Hello,
we have HAproxy set up with ~200 backend servers, and I noticed that the haproxy_server_response_time_average_seconds
is acceptable (around 400ms) but the metrics for haproxy_server_total_time_average_seconds
is almost around 2 minutes for each server, and would like to debug the issue. I would like to ask, what is the fundamental difference between response_time
and total_time
? Since I don’t know their components I don’t know why the difference is this big. Also would appreciate any ideas for debugging the issue. Thanks
As per the Prometheus field description, haproxy_server_response_time_average_seconds
is average response time for last 1024 successful connections (only the response time), whereas haproxy_server_total_time_average_seconds
is average total time for last 1024 successful connections, which is the total duration of the stream (queue, connect and response time all cumulated plus additional time not necessarily tracked by subcounters).

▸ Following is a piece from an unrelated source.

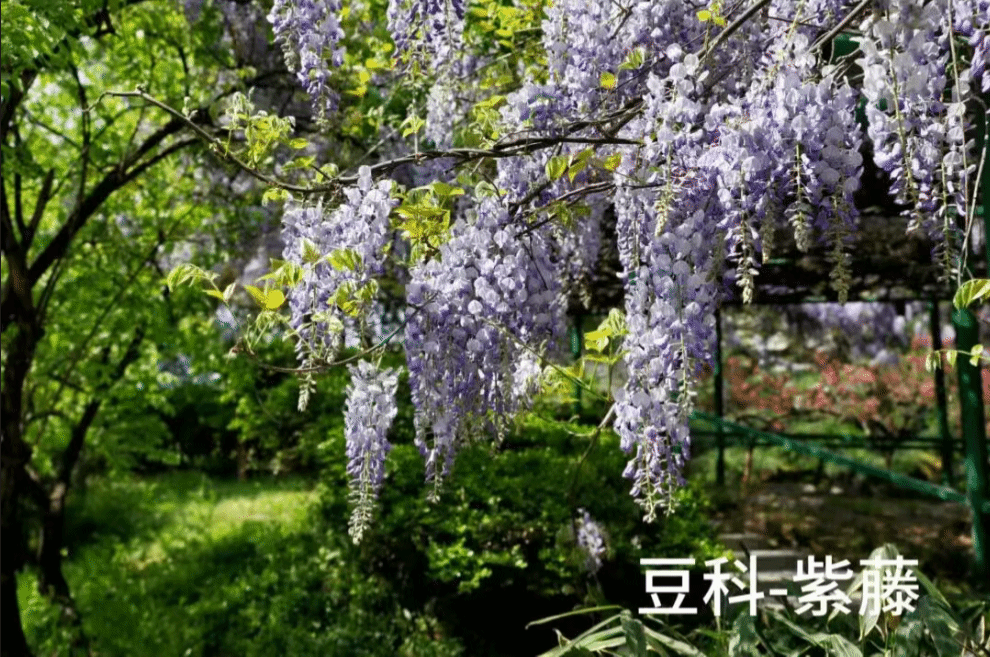 此时,紫色鸢尾也如蓝紫色的蝴蝶般翩翩落于绿叶间,花瓣上的脉络精致如画,仙气飘飘。抬头望,长廊上的紫藤正垂下一串串蝶形的蓝紫色花穗挂如瀑布,如梦似幻,微风拂过,暗香浮动,是藤蔓园最梦幻的景致。它们共同谱写出春天最迷人的尾韵。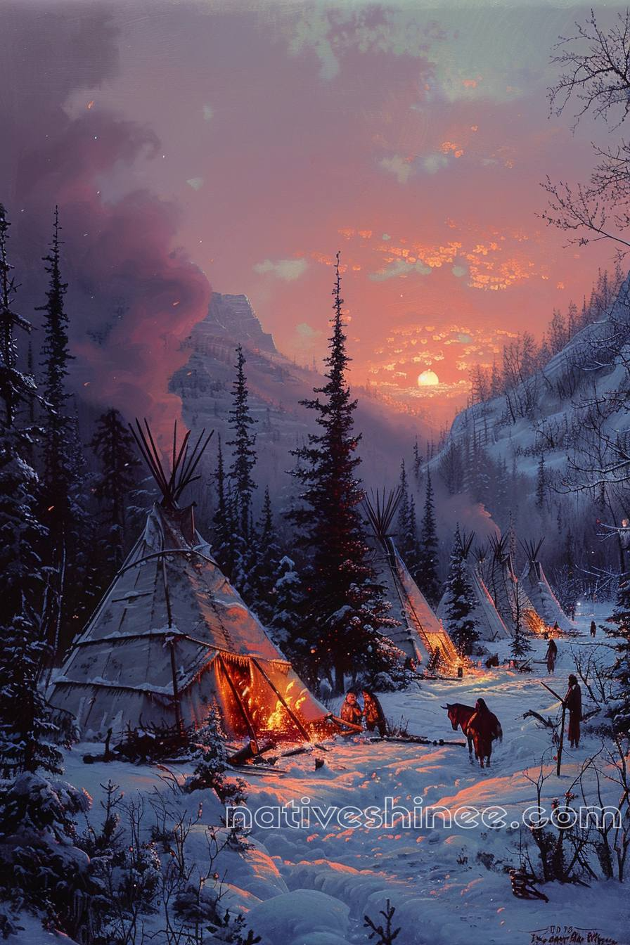 The "Campfires in the Snow Native American Canvas" beautifully portrays a tranquil winter scene where Native American figures gather around glowing campfires amidst a snowy landscape. This artwork symbolizes resilience, warmth, and the sense of community in even the harshest conditions. The soft glow of the fires contrasts with the cool, crisp snow, creating a serene yet powerful atmosphere. Perfect for those who admire Native American culture and the spirit of togetherness, this high-quality canvas adds a touch of warmth, tradition, and peaceful reflection to any home or office décor.

If the total time is higher than expected, then it may be interesting to check available individual timers to see where the time is spent. (queue time, connect time)
Also, response time doesn’t count for the complete duration of the response, it reflects the time spent waiting for the first response byte from the server. Thus if the server sends a large amount of data, it would be expected that the total time is a lot bigger than the response time because most time could actually be spent between the first byte from the response and the actual end of the response.